During the period of ‘actual existing socialism’ these state-funded institutions were designed to centralise cultural and informal educational activities within a socio-geographic area. Consequently, they enabled regional authorities to both survey the leisure time of the population along with providing a foundation for the production of the ‘new’ multidimensional socialist subject within a collective context.
Their ubiquitous presence has been (re)perceived for a while. Immediately after 1990 they were seen as either a nuisance or a historic reminder that needed to be turned into an absence, a void: the epic but invisible institution.

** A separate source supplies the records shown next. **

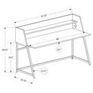 Supporting the desktop is a sturdy metal base in black with a support bar on back that runs parallel to the shelf.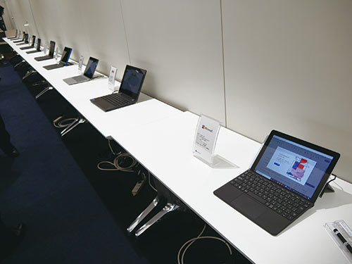 GIGAスクール対応PCは、「特別な低価格ライセンスを活用した製品」(日本マイクロソフト)であり、1台あたり4万5000円の補助を想定した価格設定が可能になるという。GIGAスクール構想の閣議決定後に、米本社、アジア、日本をまたぐバーチャルチームを作り、この構想に最適化したライセンスやプログラム開発を行ってきた成果だとしている。Dynabook、デル、日本エイサー、日本HP、NEC、富士通、マウスコンピューター、レノボ・ジャパンの8社から、標準仕様に準拠した17機種が用意されている。今後、ラインアップはさらに増加していくという。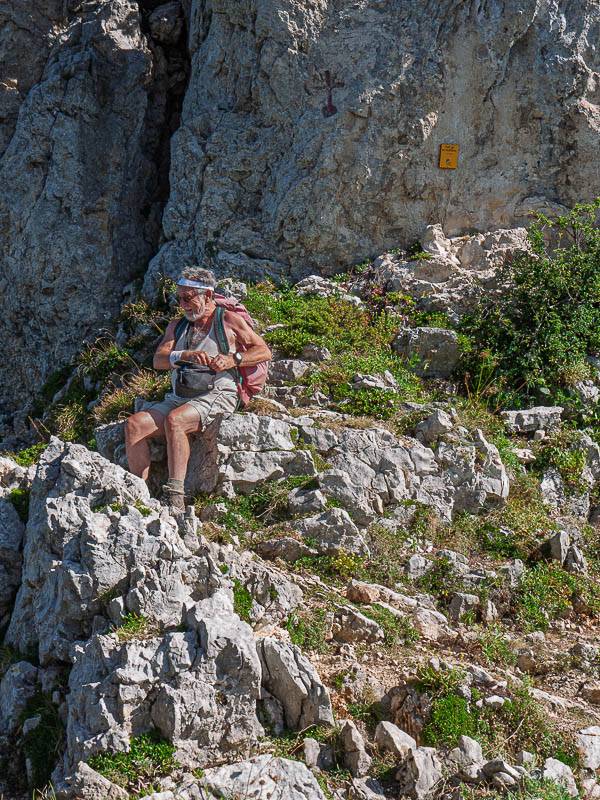 Quand la sente s'interrompt, c'est pour laisser la place à un passage plus rocheux où les prises sont parfois polies – mais les prises sont plutôt franches.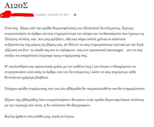 Στη σελίδα τους στο Facebook με ονομασία «ΕΠΙΘΕΣΗ ΕΛΛΗΝΩΝ Α120Σ», οι «θεματοφύλακες» επικαλούνται το Α120Σ.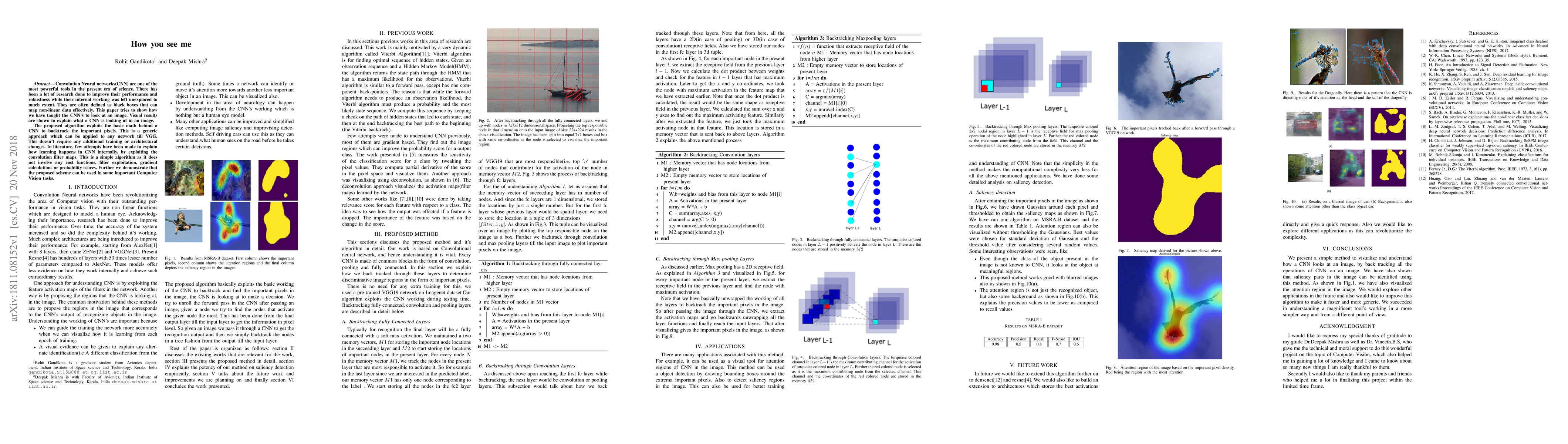 Convolution Neural Networks is one of the most powerful tools in the present era of science. There has been a lot of research done to improve their performance and robustness while their internal working was left unexplored to much extent. They are often defined as black boxes that can map non-linear data very effectively. This paper tries to show how CNN has learned to look at an image. The proposed algorithm exploits the basic math of CNN to backtrack the important pixels it is considering to predict. This is a simple algorithm which does not involve any training of its own over a pre-trained CNN which can classify.

The article makes a case for why they deserve another chance in a punctual and specific re-evaluation that ultimately desires to insert a number of critical points for a possible re-imagination of these models of organization in which both stable and transitory communities collectively produce what we may call culture. It provides an extended timeline/lineage that opposes one-dimensional readings of the institutions as objects of communist propaganda. It argues that the ways in which they were planned during 1955-1989 counteracts contemporary monetarist visions towards the role of such cultural institutions. Ultimately, cultural houses were part of a national plan that considered culture as central to the ‘common good’ rather than a laissez-faire approach that places economic efficiency above all else. An open and flexible institutional format that could accommodate known or unknown actions has largely been replaced by a much narrower vision of what can be officially scheduled by cultural managers and governing authorities. Paradoxically more contemporary versions of cultural houses and hearths are often far more restrictive that their early predecessors.